الأربعاء، 20 مايو 2009

Sharing your Action Research with Others


The purpose of the final report is to share ideas with others in your community of practice who would value the knowledge you gained. How are you going to share it with them? Action Researchers will need to decide what to write and to whom to write.
One of the strongest acts of leadership can be the quiet act of writing—of sharing what you have learned. Writing helps you to reach people that you will never see. It is a very powerful act. Through writing, you make a contribution to the body of knowledge that exists beyond yourself.
A Written Report
This is the template that we recommend to students at Pepperdine University for their Master of Arts Thesis, but there are multiple ways to organize an action research report.
INTRODUCTION: The significance of the problem I am addressing. The reader needs to be invited to think about the problem at the widest level. This should answer the question --Why should a read this, why should I care about this study? This is not about the context but about the problem and how it is linked to your visions for a different future.
THE CONTEXT :
WORK/COMMUNITY CONTEXT:Once you have a posed a problem at a general level, you will need to provide the context of your work. There are two parts to this. One if the local context (this section) and the other is the professional context (review of literature). These can come in whatever order makes sense to you.In your local context, you may want to describe your membership/position in your community of practice and how you worked in this setting to address the problem you have established.
LITERATURE REVIEWThe literature is other way to set the context for your work. What have others done that inform my understanding of the problem? What theories or predictions about outcomes come from past research? How is what you plan to do similar or different from what others have tried?
THE RESEARCH
RESEARCH QUESTION:The research question sets up your inquiry. The overall question is the overarching problem selected. The cycles questions are sub questions that helped address this larger issue in different ways.
REPORT OF CYCLES OF RESEARCHAction research takes place in cycles. Each cycles is a discrete experiment--taking action as a way of studying change. Your report needs to include --either a detailed report for each cycle as follows or a report of the cycles in a more summary format.
CYCLE RESEARCH QUESTION: This question needs to contain two very important parts. The first part clearly states what you will do in very specific language. The second part shares your best guess at an outcome. (The reactions of others that you expect to result from your action.) Your action research is a design experiment. You are designing with an eye toward deeper understanding of design action.
EVIDENCE USED TO EVALUATE THE ACTION: What evidence will you collect to tell you how others respond to your action? Where will you look to give you direct or indirect evidence of what happened?

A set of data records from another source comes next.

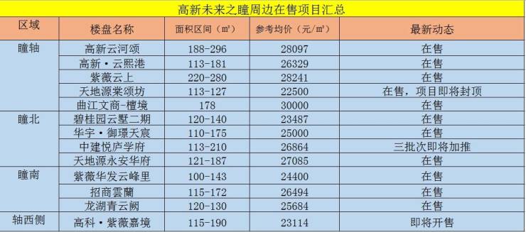 从整体上看,在售新盘主要集中在瞳轴核心板块以及瞳北区域。其次,就是瞳南和瞳轴两侧,整体的参考均价为2.6万/㎡。
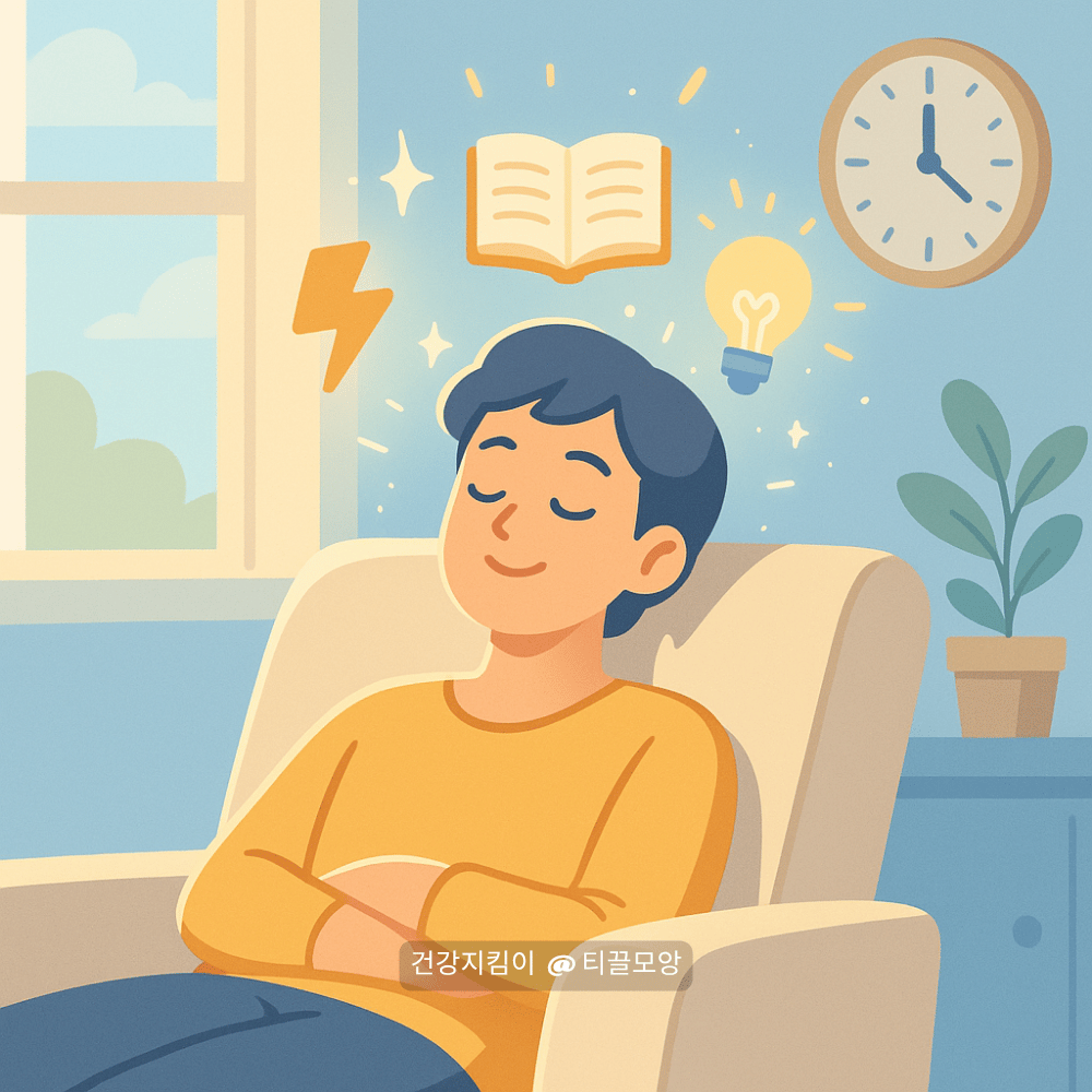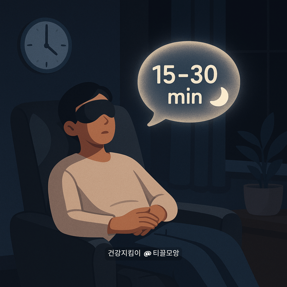 - 시간은 15~30분 이내로 제한하세요. 너무 오래 자면 오히려 피로감이 증가하고 밤잠에도 영향을 줍니다.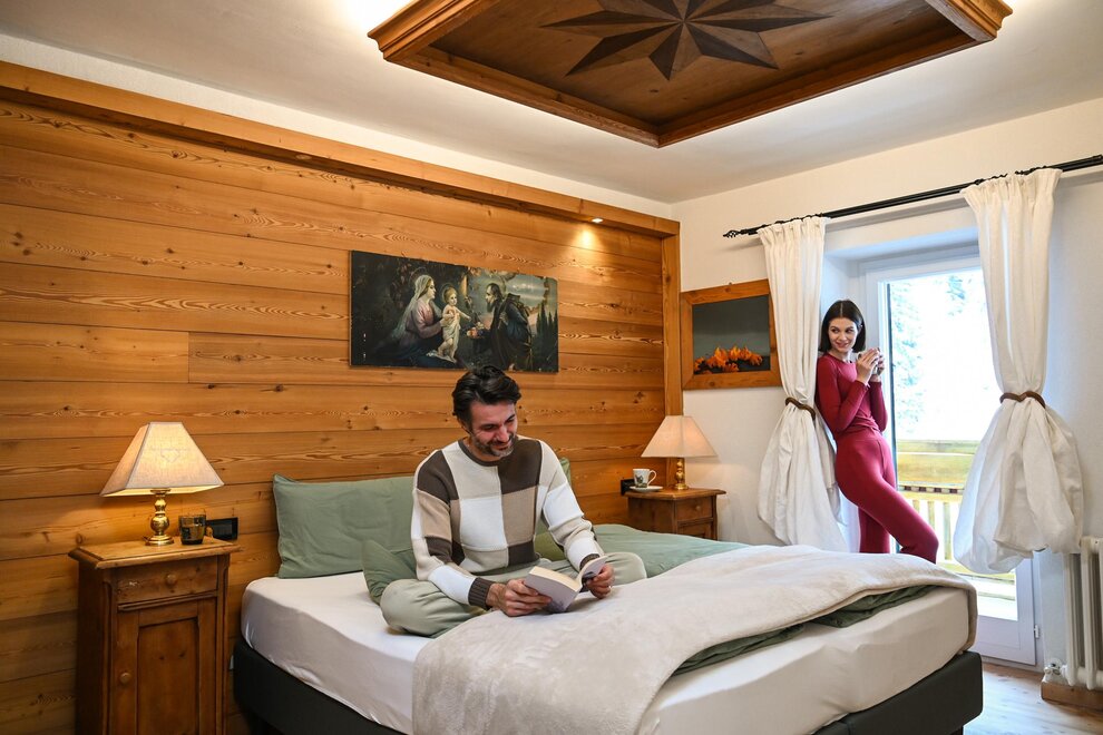 Double room, dedicated to couples, NO possibility of having two separate beds. On request possibility of adding a cot. The bathroom has a shower. Sunny private balcony on which to relax. Wooden furniture and natural larch wood flooring, for a pleasant comfort. Wardrobe and heating. Surface between 12/14 square meters Our rooms lack the TV as we have chosen to give you a truly rejuvenating experience even for the mind. Indeed, in our rooms you will find a kit of games and activities to do together with your companion. Choose from different rooms: from standard to superior to dorms.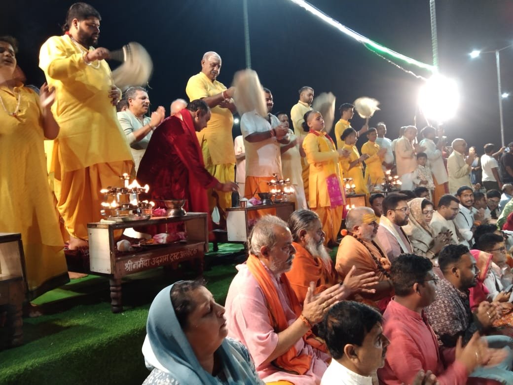 मृत्युंजय आश्रम में चल रही भागवत कथा में पधारे सभी गोयल परिवार , श्रद्धालुओ , भक्तों तथा संतो – महंतो , नर्मदा मंदिर पुजारियों की गरिमामई उपस्थिति में नर्मदा तट रामघाट में रविवार को संध्या कालीन स्वामी हरिहरानंद महाराज के पावन सानिध्य में कथा वाचक अनुराग कृष्णशास्त्री जी सपत्नीक , श्रीमहंत रामभूषण दास जी शांति कुटी , योगेश दुबे सपत्नीक , गोयल परिवार कोरबा,कटघोरा (छत्तीसगढ़) की उपस्थिति में रविवार को मां रेवा जी की भव्य महाआरती की गई जिसमे सभी भावविभोर हो उठे । कल मंगलवार सुबह 10 आस पास मां नर्मदा जी को रामघाट तट पर गोयल परिवार की ओर से विशाल चुनरी मां नर्मदा जी को उढ़ाई जायेगी ।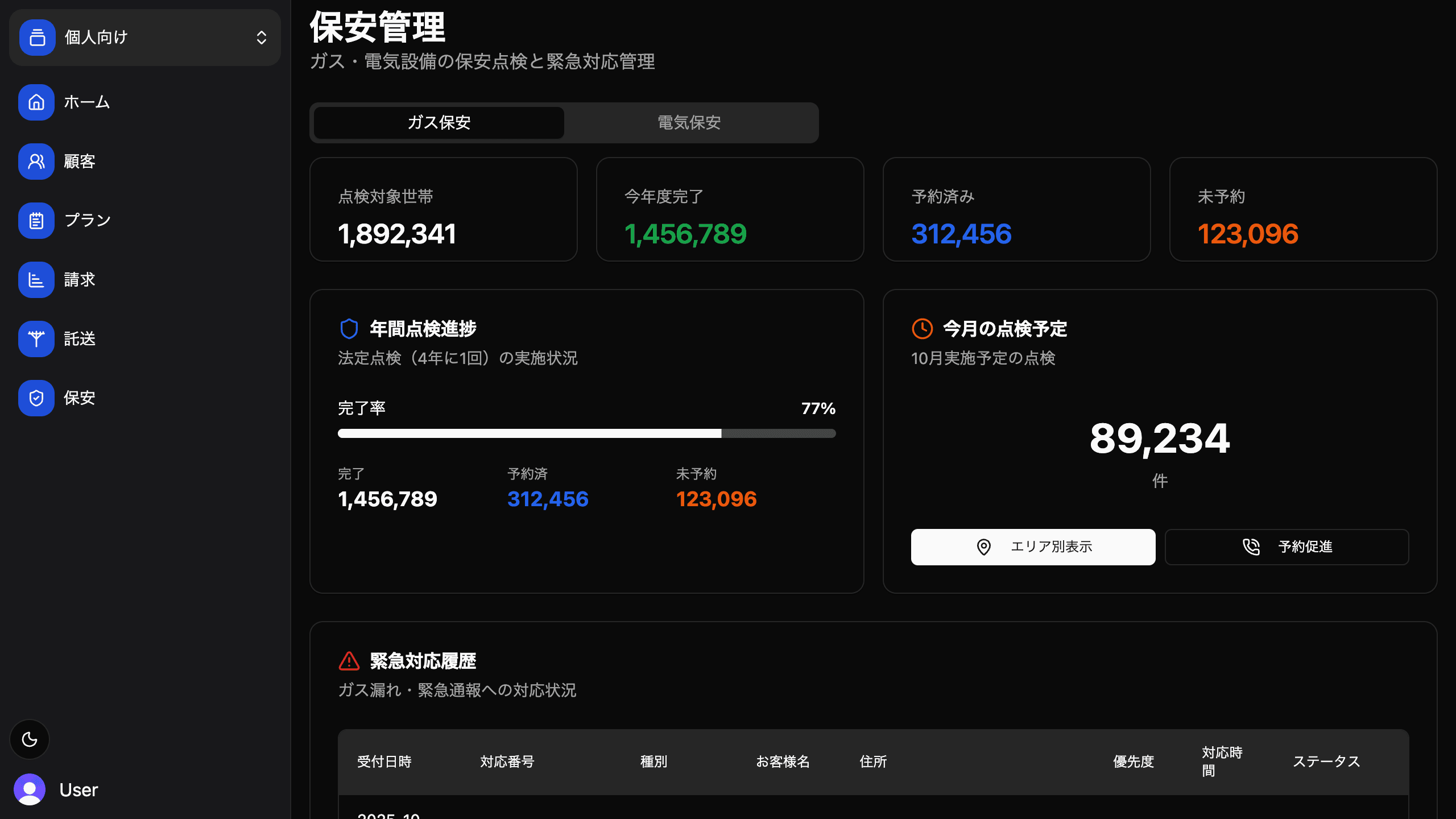 顧客情報の管理から、プラン設定、料金計算、請求処理、そして託送・保安・外部システム連携に至るまで、日々の運用をクラウド上でシームレスに統合します。
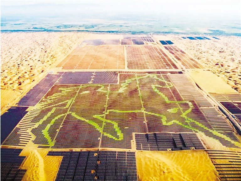 駿馬奔騰似潮涌,一日千里獨行空。庫布其沙漠腹地,由196320塊藍(lán)色光伏板組成的駿馬圖栩栩如生,格外吸睛。內(nèi)蒙古現(xiàn)代能源經(jīng)濟,一如這昂首奔騰的駿馬,向著“雙碳”目標(biāo)奮蹄疾馳。(記者 許曉嵐 康麗娜)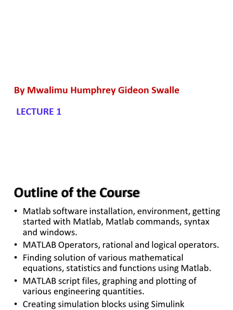 • Griffiths, D. (1999). An Introduction to Matlab.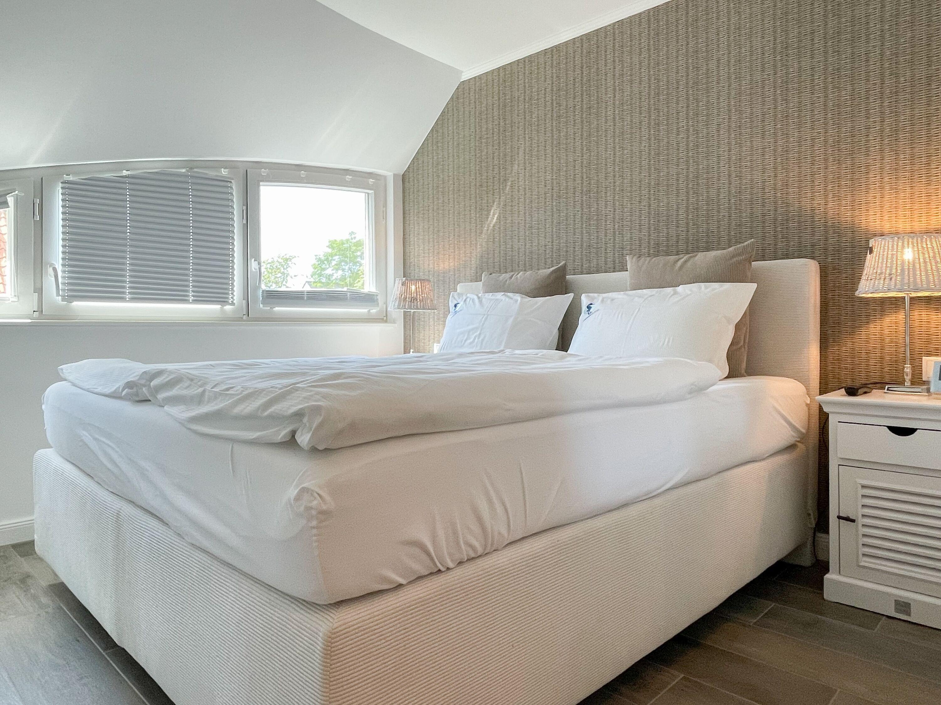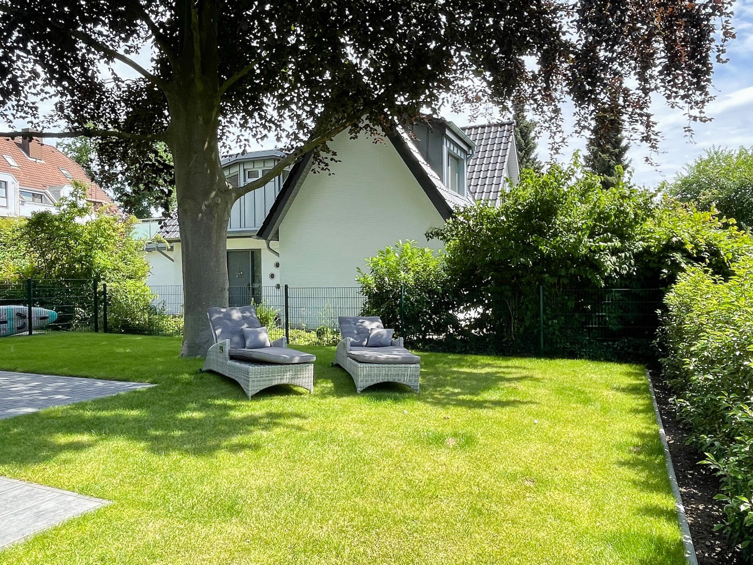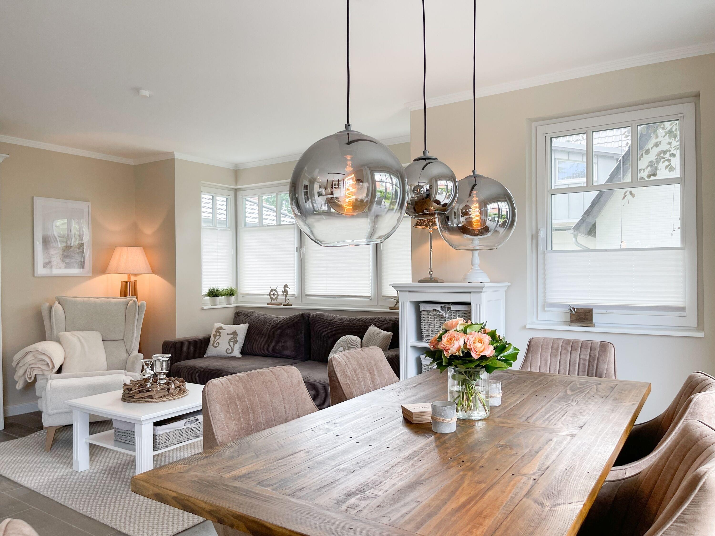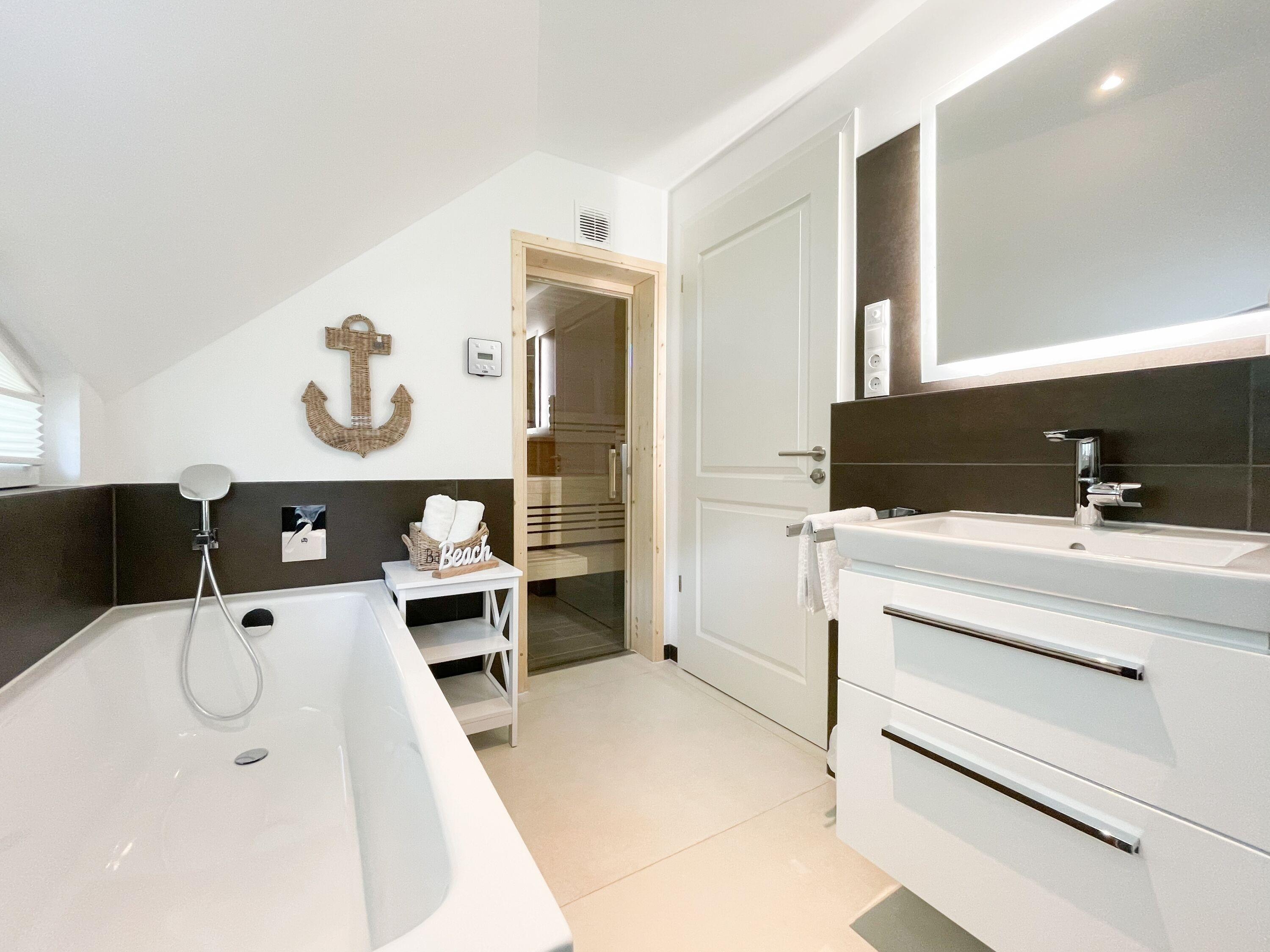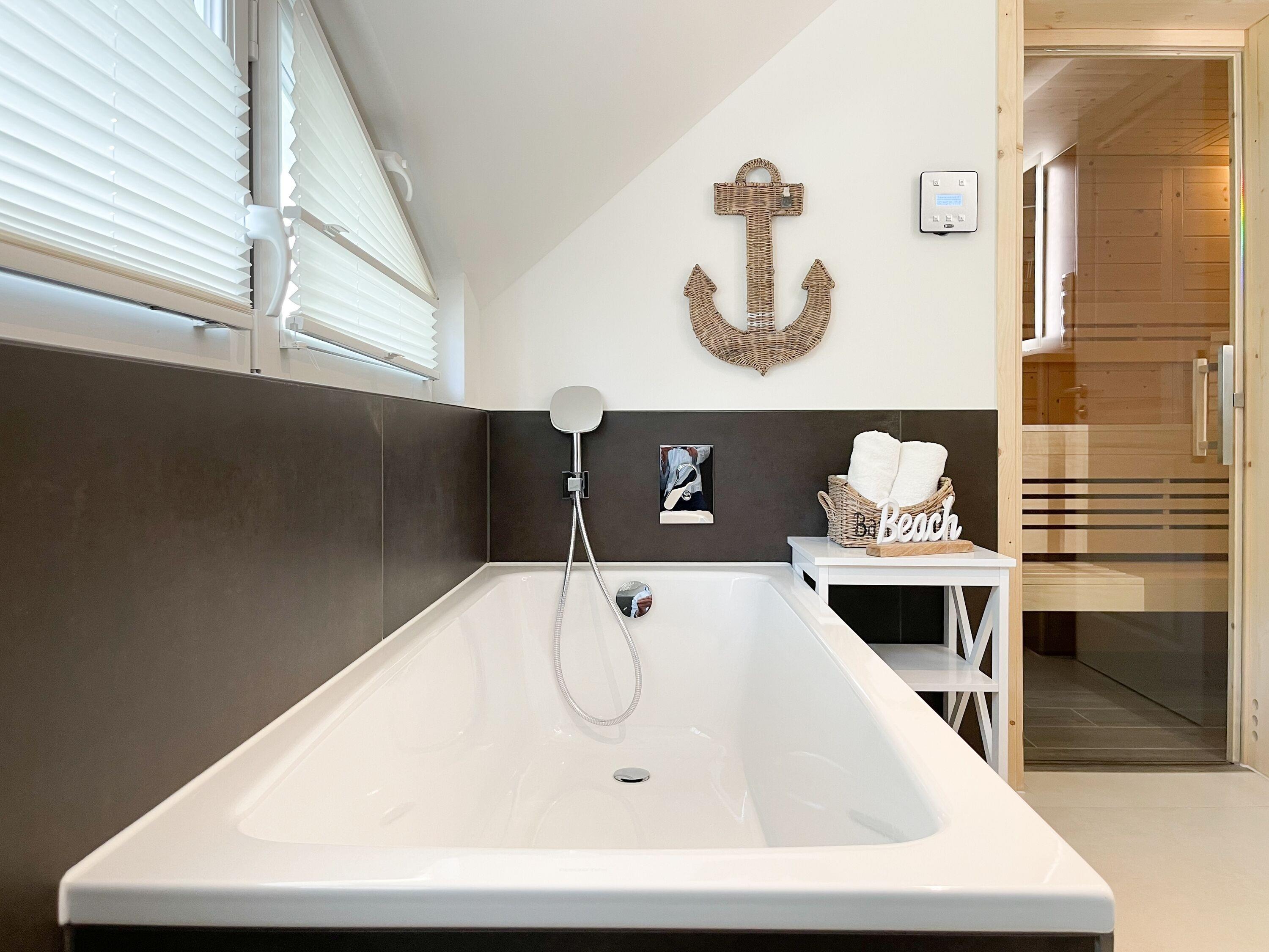 Es erwartet Sie eine wunderschönes Doppelhaus, das bereits beim Eintreten Behaglichkeit und Wohlbefinden spüren läßt. Warme Farben, viel Licht und die hochwertige Einrichtung sorgen für einen hohen Wohnstandard in einer wunderbaren Atmosphäre. Mit 3 Schlafzimmern, zwei Bädern und Sauna bietet das Haus auf[nbsp] über 100 qm Wohnfläche ausreichend Raum für 5 Personen, um einen erholsamen Ostseeurlaub ganz nah am Strand zu verleben. Im Erdgeschoss erwartet Sie ein lichtdurchfluteter Wohn- Essbereich, großzügig geschnitten und hochwertig möbliert. Die integrierte Einbauküche in perfekter Ausstattung eignet sich hervorragend für gemeinsames Kochen. Die vorgelagerte Sonnenterrasse in Südausrichtung ist mit Gartenmöbeln und Sonnenliegen ausgestattet und von einem privaten Gartengrundstück umgeben, das vollständig eingezäunt ist. Im Eingangsbereich befindet sich die Garderobe und ein modernes Bad mit Walk-In Dusche und Fenster. Die Waschmaschine ist im separaten Hauswirtschaftsraum untergebracht. Im Obergeschoss gibt es zwei separate Schlafzimmer, die mit Boxspringbetten (180x200), Kleiderschränken und TV eingerichtet sind. Der Zugang zu dem dritten kleinen Einzelschlafzimmer, das ebenfalls über ein Boxspringbett verfügt (90x200), erfolgt über eines der Doppelschlafzimmer. Das exklusive Wellnessbad mit Badewanne, Walk-In Dusche und integrierter Sauna befindet sich ebenfalls im Obergeschoss. Das Dachgeschoss ist für das home office mit einem Schreibtisch eingerichtet. Alle Fenster der Schlafräume sind mit Blackout Plissees versehen.

EVALUATION: How will you/did you evaluate the outcomes of your action?.....(Indicate your plans for your analysis in a paragraph or two).
REFLECTION: Looking back on my action with the benefit of data, I now think... and if I were to do this again I would have.... The thing that worked best was... What most surprised me from the data was...
FINAL REFLECTION:
This is where the action research really takes stock of what was learned. It might be helpful to think of a reflection as a set of connections between the past, present and future. If this section is only a summary of what was happened, it will fail as a reflection. A reflection provides a deep understanding of why things happened as they did and how those outcomes help you address your overarching question. At the end of writing a good reflection, you will know more than you did when you started it. If you haven't gained some new insights about the problem and your actions to solve it, it is likely that you are only summarizing what happened. Reflection is a powerful learning experience. It is an essential part of action research.
REFERENCES
The references provide the context for your ideas. In many ways, the references indicated the community of researchers and writers that you are writing for.
Publishing on the Web in Portfolio:
An important part of the Action Research process is posting and sharing artifacts of the inquiry, so that the action researcher can continually reflect on practice and so that peers can contribute feedback and support. The Web Portfolio, then, becomes a place for both internal and external reflection.
A good action research portfolio, like a report, documents practices at each step of the inquiry. The accumulation of content provides critical mass for reflection and for recognizing change of practice. There is no perfect template for an Action Research Portfolio. One key idea, however, is to be sure to document each cycle and gather artifacts accordingly. That documentation process should utilize both descriptive and reflective writing.
The Center for Collaborative Action Research has collected Action Research Portfolios that serve as effective models. The model portfolios are categorized in two groups: School Action Research for projects that help improve instructional practices and Community Action Research for projects in University, Corporate, and other Community settings.